Cache Enabled Basic Server Configuration

Cache Enabled Basic Server Configuration

Varnish can also be made aware of more than one backend server.  Which means I could have a single internet facing varnish server, and two or more load balanced web servers behind it.

Two options for how this might be configured are laid out here:

A Load Balanced configuration

A Load Balanced configuration

Scaled, high performance, load balanced configuration

Scaled, high performance, load balanced configuration

Varnish is also able to add, remove, modify, or otherwise mangle the headers passed from the server to your browser.  You can strip cookies, add content expires, and a whole host of other things.  Things like expires headers can be used to make the client cache content such as images, style sheets, and javascript in their browser on their local machine.  That is the fastest way to serve content as it eliminates the network completely.  Varnish really is a fantastic product for accelerating your dynamic website.
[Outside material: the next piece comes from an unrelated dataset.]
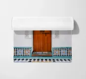 Architettura marocchina a Marrakech. Porta marrone con decorazioni intagliate e piastrelle colorate in nero, verde, arancio e blu.

Because my connection at home is nowhere near fast enough to really benchmark my new server, especially with Varnish in place, I decided to run ApacheBench locally.  To give you something to compare against I ran it against my single backend server, as well as against the Varnish front end.

I am only going to highlight a few of the important numbers in comparison to the base benchmark.
Completed Requests:  17316 vs 50000 a 65.368% improvement
Requests Per Second: 34.63 vs 219.305 a 83.99% improvement
Time Per Request:  28.88 vs 4.39 a 22.63% improvement
As I think you can see Varnish makes a pretty impressive improvement across the board when it comes to performance.  These numbers can not be compared to previous benchmarks as they were run locally eliminating any network latency between the benchmarking station and the server.  Down the road I would like to spin up two or three more VMs and play around with load balanced varnish servers using CARP on the front end with two or more load balanced web servers behind it.  However for now I believe I have a setup that will suit my site’s needs for long into the future.
Thank you for reading the five part series on my new hosting environment.  If you have any questions please feel free to contact me via the comments section.
Thanks to: pb031 for the image

Written by W9ZEB

May 2nd, 2009 at 8:00 am

New Hosting Environment – Part 4 – WP-Cache

without comments

Continuing my saga of trying to extract every ounce of performance out of my new hosting environment, it’s time to move on to caching.  Up until this point every time a page is loaded the PHP scripts have to query the database for the appropriate records, take the information from the database, and render the page into static HTML that your browser can render.  Computers are fast so this doesn’t take very long, as evidenced by previous benchmarks.  However you’ll notice that even with the APC OpCode Cache in place we’re still hammering the CPU for 50% of its capacity during the benchmarking.  I know this can be improved!

Enter the plugin for WordPress called WP-SuperCache.  Now because I’m running the nginx web server and not Apache I will be unable to use the “super” portion of WP-SuperCache which works with the Apache Module Mod_Rewrite.  However I can still use a static cache of pre-rendered .html to improve site performance.  Installation of WP-SuperCache is pretty straightforward.  You can either upload the folder to your /wp-content/plugins/ folder, or you can use the FTP plugin system within your WordPress Dashboard.  I opted for the manual method as I was able to just wget the file from the server which has a lot more bandwidth than I have at home.

Once WP-SuperCache is installed you have to enable it through the dashboard.  After the plugin is enabled you can adjust its settings.  Because of my selection in webservers I opted to set the plugin to Half-On, Don’t Cache pages for logged in users, and Cache Rebuild.  I then benchmarked the site again from my home computer.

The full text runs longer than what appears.